An extraordinary find of a fossil of 250-million-year-old air-breathing sea creature shows that it must have given birth on land, not in the sea as long assumed.
The fossil is of a mother chaohusaurus, which is believed to be a genus of ichthyosaur, who died giving birth. It shows the baby birthing headfirst.
From earlier fossil finds, scientists already knew that these Triassic-era predators gave live birth, but what they didn’t know was whether the earliest ichthyosaurs, who evolved from land-dwelling cousins, gave birth headfirst, like land mammals, or tail-first, like modern whales and dolphins do, an evolutionary adaptation to avoid suffocating the offspring underwater.

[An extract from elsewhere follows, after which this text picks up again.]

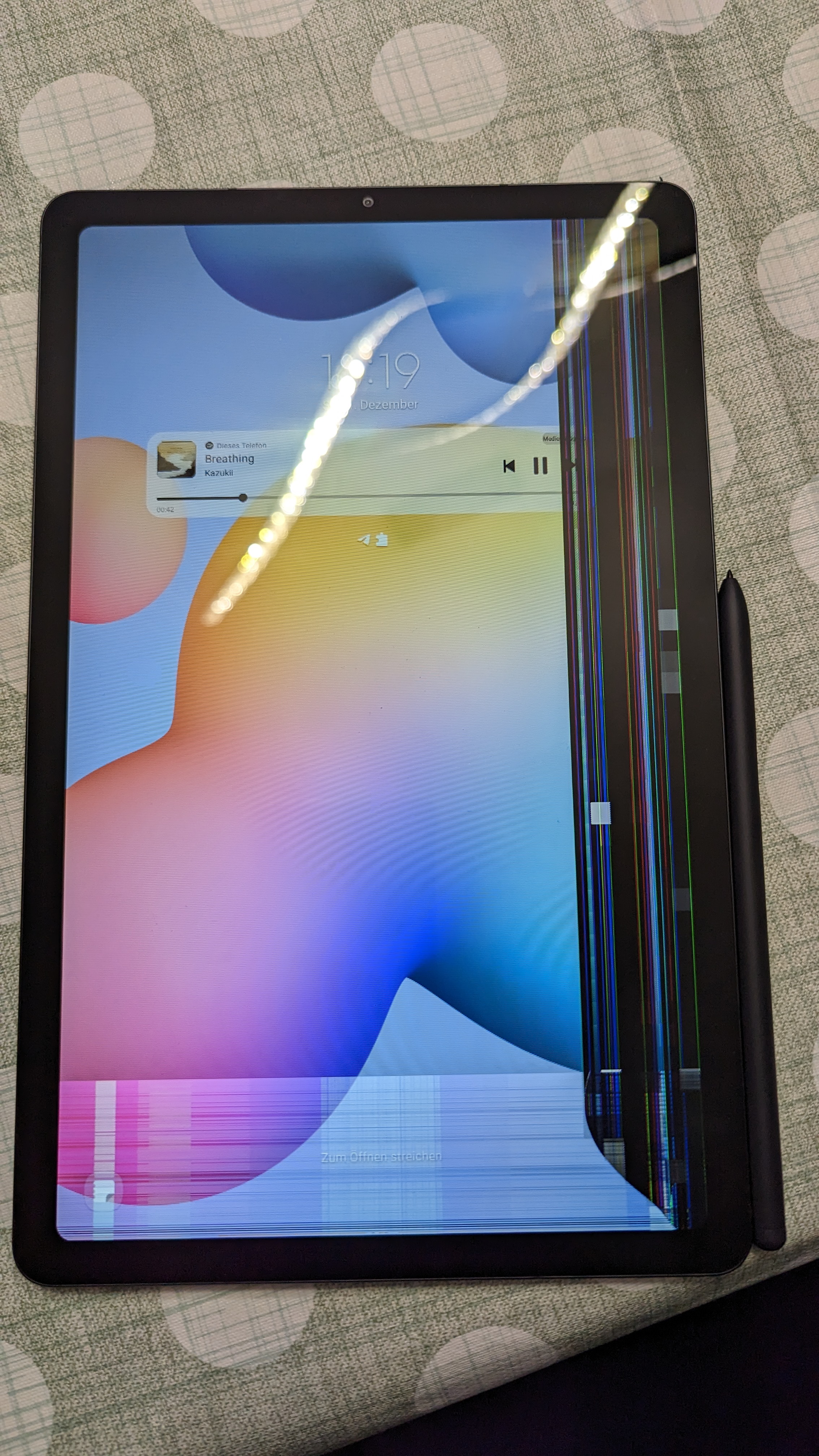 Ich war gerade am zeichnen mit dem S PEN. Das Tablet lag auf dem Tisch, dann reagierte es wieder nicht im unteren rechten Bereich auf den Stift. Also greife ich es am unteren rechten Rahmen um es hochzuheben da ich es neustarten wollte und zack. Nun sieht es so aus wie auf dem Bild.

And, according to a statement from researchers, who published in the latest edition of PLOS ONE, the fossil (which shows three neonates in the womb, one in the process of being born) shows a head-first birth, so “live births in ichthyosaurs may have taken place on land, instead of in the water, as some studies have previously suggested,” according to Ryosuke Motani, a prehistoric marine reptile expert at the University of California, Davis who led the study.
Motani tells LiveScience: “This land-style of giving birth is only possible if they inherited it from their land ancestors. … They wouldn’t do it if live birth evolved in water.”
National Geographic writes:
“[New] research reveals that over the evolutionary trajectory of reproduction, reptiles veered back and forth between the two strategies before settling on egg-laying. Live birth in reptiles seems to have evolved more than 100 times in history. But there are many gaps in scientific knowledge surrounding the phenomenon in ancient sea reptiles.”